I have googled several variations of 'grub doesn't recognize LVM partitions' without turning up anything helpful.
Have there been changes to the LVM software that might result in an incompatibility between grub and older LVM versions?
Best,
-jmw-
On Sat, Jul 11, 2015 at 4:25 PM, John Wright jwright2@san.rr.com wrote:
I have 2 500G hard drives partitioned with a few 'normal' partitions for /boot, swap, etc but mostly in a raid 1 array, which is divided into several LVM partitions. For many Fedora releases, I have done fresh installs, preserving the /home LVM partition, and rotating the root partition among several 30-40G LVM partitions for /. This has always worked splendidly until Fedora 21/22. Recently I decided that it was time to move up to Fedora 22, and with failing that, to Fedora 21. I have tried several Fedora 22 and Fedora 21. live install disks (desktop, server) and the server isos. With the live disks, the installer doesn't see my existing LVM partitions, so I can't try to install into them. With the 21 and 22 server isos, the installer sees the LVM partitions and appears to proceed normally, but the final reboot boots into a grub rescue shell, and the only partition visible to this shell is my /boot partition. I also tried the Fedora 22 netinstall iso, which also ultimately resulted in reboot into the grub rescue shell.

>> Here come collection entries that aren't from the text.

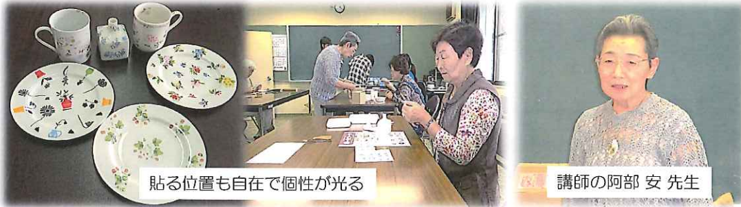
貼る位置も自在で個性が光る

講習は平皿の予定でしたが、先生のご厚意で一輪挿しやマグカップなど色々な器を用意していただきました。これに各々好みの転写紙を貼りつけてオリジナルの器が完成します。作品は先生のもとで焼成されたのち参加者へ渡されます。
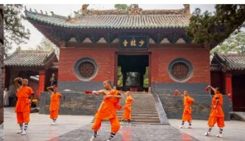
ชมโชว์กังฟูเล่าหลิน

*ทางบริษัทฯ ขอสงวนสิทธิ์ในการสลับโปรแกรมทัวร์ตามความเหมาะสมขึ้นอยู่กับสถานการณ์หน้างาน โดยคำนึงถึงผลประโยชน์ของลูกค้าเป็นสำคัญ
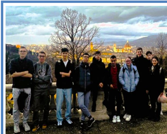
foto ricordo da Firenze
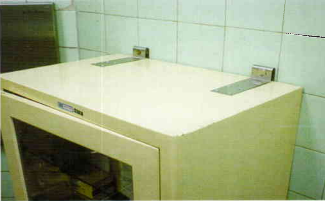
Dolabın duvara sabitlenmesi

I have googled several variations of 'grub doesn't recognize LVM partitions' without turning up anything helpful.
Have there been changes to the LVM software that might result in an incompatibility between grub and older LVM versions?
I'm pretty sure GRUB doesn't understand LVM thin volumes, and maybe not LVM RAID. But otherwise there are no changes I'm aware of that would prevent this from working. It sounds more likely there's some sort of udev or multipath confusion at boot time from lives that's helping to cause misidentification.
All I can suggest is to file a bug report against anaconda. Boot the live media, launch the installer, go to custom partitioning, and then before changing anything, drop to tty2, go into /tmp and collect the logs. What I usually do is: tar -acf f22analogs.tar.gz *log scp f22analogs.tar.gz chris@blah.local:~/Desktop/
And there untar it, and file a bug, attaching each log file as a separate attachment. Then post the bug URL here.
If I get a moment to reproduce it in Rawhide, then I'll update the bug and hopefully it gets fixed for Fedora 23. Assuming it's a bug. It's also possible I'll find a work around, in which case I'll put that in the bug report also.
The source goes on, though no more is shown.